Everyone has different ideas when it comes to the quality of a translation. If you ask five different people to judge the quality of a piece, you will probably get five different answers.
But subjective assessments aren’t good enough: you can’t see trends, personal preferences will get in the way, stakeholder agreement can take time, and as a result, the end user will get inconsistent deliverables. But there is a way out of this. Define quality, and then measure and track it with a formal structure.
Our Director of Language Services, Katka Gasova, talked about this in the recent TAUS Quality is Communication webinar. She teaches us why and how to build a quality framework that drives the ability to control quality across all your deliverables. Keep reading for insights and tactics you can apply to your quest for quality.
Map your content types to quality levels
You have many different types of content—from websites to technical user manuals to online help to product reviews. Do you know and agree on what quality is required for each type? It may not have crossed your mind that quality could vary by content type. Depending on the purpose and importance of each content piece, you can pinpoint the exact right level of quality. (And doing so can positively impact your budget and schedule.)
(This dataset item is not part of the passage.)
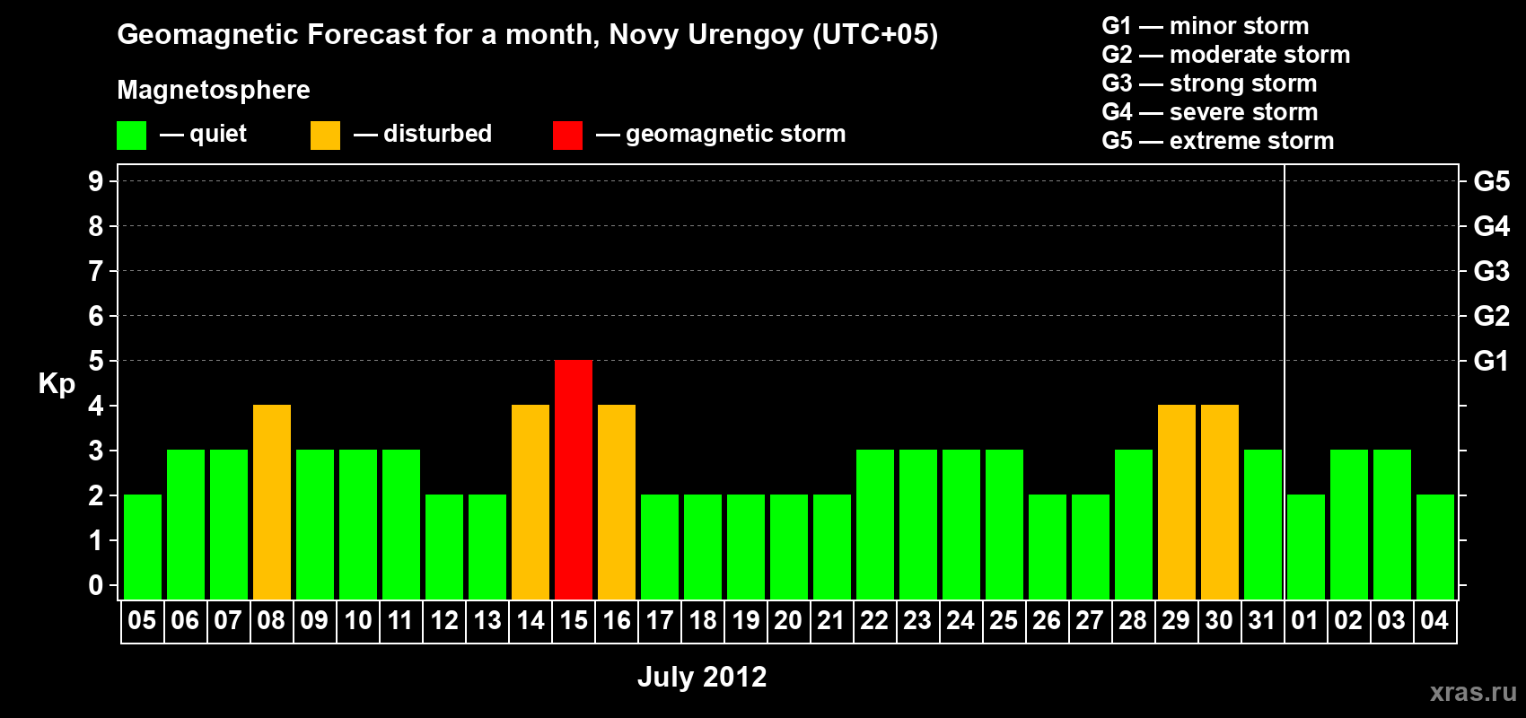 Geomagnetic storm forecast in Novy Urengoy for Jul 05, 2012

For example, you might not need the same quality for a service manual as for a web page. While top quality may be required for highly visible marketing material, only the gist might be needed for product knowledge bases.
Categorize your content types and consider how to link them to specific quality levels such as:
- Premium: These deliverables will have no grammar, terminology, or fluency errors. The translation is faithful to the source text. Idioms, humor, and other regionalisms are adapted to the given locale. The source text’s tone of voice is preserved for the target locale.
- Standard: Translations will be accurate and grammatically correct, but the content may not be stylistically perfect and there may be unimportant inconsistencies in terminology.
- Basic: Deliverables with basic quality will be understandable and clear. They may have grammatical, stylistic, and terminology issues—but they won’t be serious.
Now that you’ve mapped deliverable types to quality levels, it’s time to build the framework for measuring and driving your quality program. There are five elements to this framework.
1. Error types
Error types help you understand the nature of translation mistakes. Typical error types include accuracy, language quality, fluency, punctuation, grammar, terminology, country standards, and any customer-specific requirements. You may follow existing industry standards such as SAE J2450, TAUS DQF/MQM, etc.
Besides specifying the main error types, it’s useful to define subcategories. Overtranslation, understranslation, TM match not adapted, incorrect date format, punctuation, grammar, spelling—these labels will help you further analyze the types of issues you find and identify root causes: terminology glossaries could be outdated, the translator’s performance could be inadequate, or the source could have been so ambiguous that it was difficult for the translator to be accurate, to name a few.
2. Error severity
Once you have determined error types, move on to severity. Errors can be categorized as critical, major, or minor. In this step, you consider the impact of the error in context. Does the error impact the reader’s ability to complete an action? Can the error have legal consequences for the product manufacturer? If yes, these errors would be severe. If not, they can be labeled as minor errors, just like extra spaces around quotation marks.
You may also want to define the severity of preferential or repetitive issues. The typical severity category is minor, or zero on a scale of 1 to 10, but if it’s a repetitive problem, the severity should be increased.
3. Error weight
Once you define error type and severity level, it’s time to assign a weight to each. Weights are expressed as a numeric value, for example in multiples of 1 or 5. If a reviewer marks an accuracy error as major, a weight of 5 is given. If that reviewer marks a terminology error as minor, then a weight of 1 is given. When you tally the points reported for each type and severity, you get a score.
4. Pass/fail threshold
Now you determine what scores are acceptable. The thresholds are based on allowed error points for a certain number of words (usually 500 or 1,000).
For example, 10 errors per 1,000 words might be a failing score for a user manual. Zero errors per 1,000 words might be a passing score for ad copy.
5. Build an evaluation form
The final step is to build a form for reviewers to use. Ideally, this happens using a CAT tool plug-in connected to the QA database. The scorecard—usually in Excel—is created automatically by extracting the data into a template. Nothing is left to the reviewer except to determine each error’s type and severity. Formulas then calculate the error points allowed for the word count, assign points for each error and its severity, and calculate whether the text passes or fails.
If you want to be able to track and measure quality in an objective way, there are no shortcuts: you need to assess the quality needs per content type and build a structured framework for defining errors. Soon you’ll be able to see patterns to quickly determine which fixes to make or leave alone, and which translators are performing for you.